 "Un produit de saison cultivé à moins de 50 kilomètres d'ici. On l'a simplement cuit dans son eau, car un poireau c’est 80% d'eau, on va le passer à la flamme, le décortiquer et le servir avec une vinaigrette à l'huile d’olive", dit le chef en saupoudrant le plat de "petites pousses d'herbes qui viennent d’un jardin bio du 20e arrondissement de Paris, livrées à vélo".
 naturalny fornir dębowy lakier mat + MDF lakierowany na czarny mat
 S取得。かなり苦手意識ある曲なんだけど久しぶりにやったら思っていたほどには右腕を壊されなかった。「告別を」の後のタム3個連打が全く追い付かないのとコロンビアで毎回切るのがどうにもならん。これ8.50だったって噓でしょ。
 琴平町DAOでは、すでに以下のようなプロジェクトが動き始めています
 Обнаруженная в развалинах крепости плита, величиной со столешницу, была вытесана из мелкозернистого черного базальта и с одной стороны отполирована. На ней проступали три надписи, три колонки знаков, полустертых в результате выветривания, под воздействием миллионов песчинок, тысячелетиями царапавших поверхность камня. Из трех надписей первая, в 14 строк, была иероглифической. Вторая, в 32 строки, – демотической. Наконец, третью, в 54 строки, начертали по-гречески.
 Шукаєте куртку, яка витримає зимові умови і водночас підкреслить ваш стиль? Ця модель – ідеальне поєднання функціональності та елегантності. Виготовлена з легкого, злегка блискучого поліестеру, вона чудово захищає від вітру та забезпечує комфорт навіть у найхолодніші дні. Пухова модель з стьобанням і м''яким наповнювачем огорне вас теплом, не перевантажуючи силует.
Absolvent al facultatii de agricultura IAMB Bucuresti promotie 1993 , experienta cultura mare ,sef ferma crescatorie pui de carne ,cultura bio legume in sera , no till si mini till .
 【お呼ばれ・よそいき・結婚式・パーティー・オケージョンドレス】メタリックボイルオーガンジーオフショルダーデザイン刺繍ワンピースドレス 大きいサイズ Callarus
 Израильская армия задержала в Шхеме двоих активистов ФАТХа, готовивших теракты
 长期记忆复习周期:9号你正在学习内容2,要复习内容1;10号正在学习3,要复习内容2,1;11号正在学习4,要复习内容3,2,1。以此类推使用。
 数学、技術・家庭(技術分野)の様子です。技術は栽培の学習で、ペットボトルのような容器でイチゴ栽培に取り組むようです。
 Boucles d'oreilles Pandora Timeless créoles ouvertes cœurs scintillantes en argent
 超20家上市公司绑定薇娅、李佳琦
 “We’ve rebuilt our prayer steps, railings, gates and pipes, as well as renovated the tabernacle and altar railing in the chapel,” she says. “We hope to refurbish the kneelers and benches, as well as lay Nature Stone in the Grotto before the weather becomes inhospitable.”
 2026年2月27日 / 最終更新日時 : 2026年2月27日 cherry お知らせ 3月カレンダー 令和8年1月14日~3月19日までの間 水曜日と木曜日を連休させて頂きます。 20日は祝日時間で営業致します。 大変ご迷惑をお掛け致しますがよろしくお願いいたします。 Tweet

# ASSIGNMENT
I would like the records restated exactly, with every line intact.

# REPLY
 "Un produit de saison cultivé à moins de 50 kilomètres d'ici. On l'a simplement cuit dans son eau, car un poireau c’est 80% d'eau, on va le passer à la flamme, le décortiquer et le servir avec une vinaigrette à l'huile d’olive", dit le chef en saupoudrant le plat de "petites pousses d'herbes qui viennent d’un jardin bio du 20e arrondissement de Paris, livrées à vélo".
 naturalny fornir dębowy lakier mat + MDF lakierowany na czarny mat
 S取得。かなり苦手意識ある曲なんだけど久しぶりにやったら思っていたほどには右腕を壊されなかった。「告別を」の後のタム3個連打が全く追い付かないのとコロンビアで毎回切るのがどうにもならん。これ8.50だったって噓でしょ。
 琴平町DAOでは、すでに以下のようなプロジェクトが動き始めています
 Обнаруженная в развалинах крепости плита, величиной со столешницу, была вытесана из мелкозернистого черного базальта и с одной стороны отполирована. На ней проступали три надписи, три колонки знаков, полустертых в результате выветривания, под воздействием миллионов песчинок, тысячелетиями царапавших поверхность камня. Из трех надписей первая, в 14 строк, была иероглифической. Вторая, в 32 строки, – демотической. Наконец, третью, в 54 строки, начертали по-гречески.
 Шукаєте куртку, яка витримає зимові умови і водночас підкреслить ваш стиль? Ця модель – ідеальне поєднання функціональності та елегантності. Виготовлена з легкого, злегка блискучого поліестеру, вона чудово захищає від вітру та забезпечує комфорт навіть у найхолодніші дні. Пухова модель з стьобанням і м''яким наповнювачем огорне вас теплом, не перевантажуючи силует.
Absolvent al facultatii de agricultura IAMB Bucuresti promotie 1993 , experienta cultura mare ,sef ferma crescatorie pui de carne ,cultura bio legume in sera , no till si mini till .
 【お呼ばれ・よそいき・結婚式・パーティー・オケージョンドレス】メタリックボイルオーガンジーオフショルダーデザイン刺繍ワンピースドレス 大きいサイズ Callarus
 Израильская армия задержала в Шхеме двоих активистов ФАТХа, готовивших теракты
 长期记忆复习周期:9号你正在学习内容2,要复习内容1;10号正在学习3,要复习内容2,1;11号正在学习4,要复习内容3,2,1。以此类推使用。
 数学、技術・家庭(技術分野)の様子です。技術は栽培の学習で、ペットボトルのような容器でイチゴ栽培に取り組むようです。
 Boucles d'oreilles Pandora Timeless créoles ouvertes cœurs scintillantes en argent
 超20家上市公司绑定薇娅、李佳琦
 “We’ve rebuilt our prayer steps, railings, gates and pipes, as well as renovated the tabernacle and altar railing in the chapel,” she says. “We hope to refurbish the kneelers and benches, as well as lay Nature Stone in the Grotto before the weather becomes inhospitable.”
 2026年2月27日 / 最終更新日時 : 2026年2月27日 cherry お知らせ 3月カレンダー 令和8年1月14日~3月19日までの間 水曜日と木曜日を連休させて頂きます。 20日は祝日時間で営業致します。 大変ご迷惑をお掛け致しますがよろしくお願いいたします。 Tweet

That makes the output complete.